Secondly, if nobody on the whole network provides a given bit of data, it's
no big deal; nobody will answer it. Routers will keep the Interest in their
tables for a while (so they know who to forward the Data response back to if
it shows up), but they won't send a response, because there is no response.
As in IP, you can't automatically know the difference between "nobody is
there" and "packet got dropped."
This, in turn, is how flow control / congestion control works. Routers
don't ever resend Interest packets on their own; that's the job of the
client endpoint. (Retransmits include a "nonce" - just a random number - to
ensure that they don't get eaten by the anti-routing-loop logic above.) So
as with IP, an overloaded router can simply drop excess Interest packets to
slow down network activity. And just like with TCP, a client endpoint can
create a "sliding window" implemented by having multiple outstanding
Interest packets at once. How many at a time? That's your window size, and
it depends on observed retransmit characteristics.
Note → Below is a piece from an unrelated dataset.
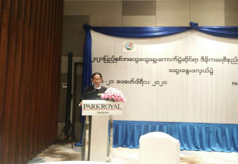 ရန်ကုန်တိုင်းဒေသကြီး ရွေးကောက်ပွဲကော်မရှင်အဖွဲ့ခွဲနှင့် အမေရိကန်ငြိမ်းချမ်းရေး အင်စတီကျူ့ (United States Institute of Peace, USIP) တို့ ပူးပေါင်းကျင်းပသော ၂၀၂၀ ပြည့်နှစ် အထွေထွေရွေးကောက်ပွဲဆိုင်ရာ ဒီမိုကရေစီနည်းကျ စီမံထိန်းကျောင်းခြင်း ဆွေးနွေးဖလှယ်ပွဲအား ယနေ့နံနက် ၉ နာရီခွဲတွင် ရန်ကုန်တိုင်း ဒေသကြီး၊ ဒဂုံမြို့နယ်၊ Park Royal Hotel ၌ ကျင်းပသည်။
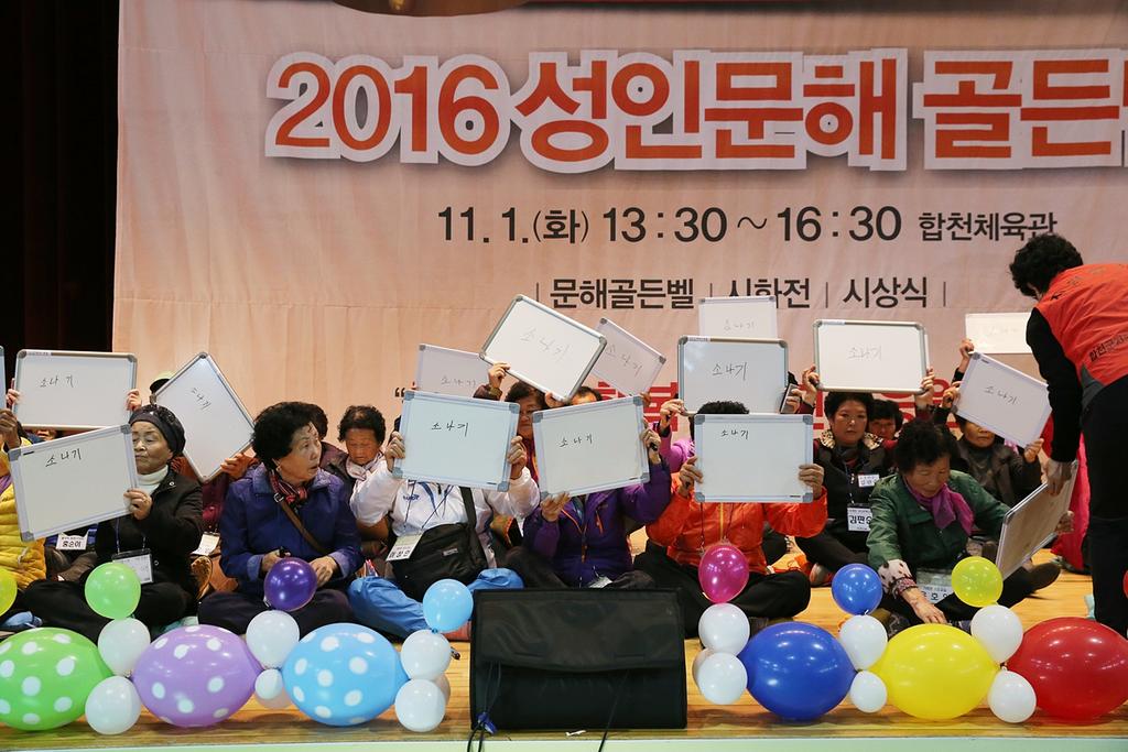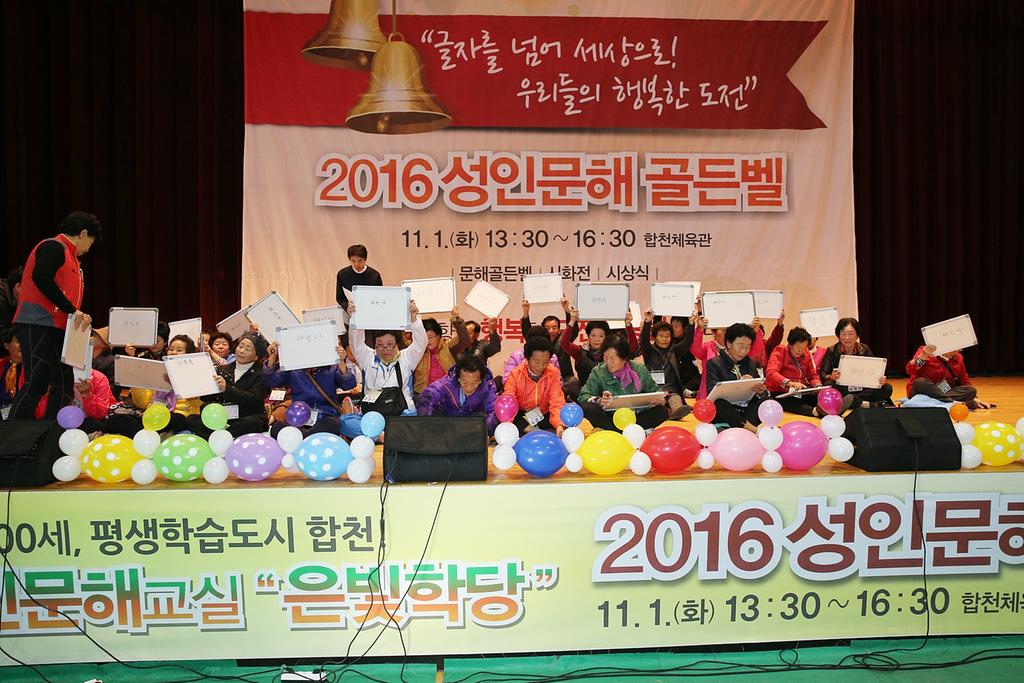합천군(군수 하창환)은 1일 합천체육관에서 성인문해교실 ‘은빛학당’ 학습자 500여명을 모시고 『2016 문해골든벨』을 개최했다.

Apparently it's actually better than TCP's retransmit characteristics in the
sense that the flow control is on a link-by-link basis instead of
end-to-end. I don't really know how or why that's better; there's a note in
the doc that says "We will cover this topic in detail in a future paper,"
which I hope is not equivalent to a "remarkable proof of this theorem which
this margin is too small to contain." I haven't looked - maybe they
published it already. For now, I'll take their word for it.
The design also mostly-transparently deals with support for multiple network
interfaces - like a wired, wifi, and 3G network all at once - by allowing
you to just forward all your Interest packets on all the interfaces if you
want. Then, using techniques similar to ethernet bridging, you adjust your
routing table priorities based on latency/speed/loss of responses received.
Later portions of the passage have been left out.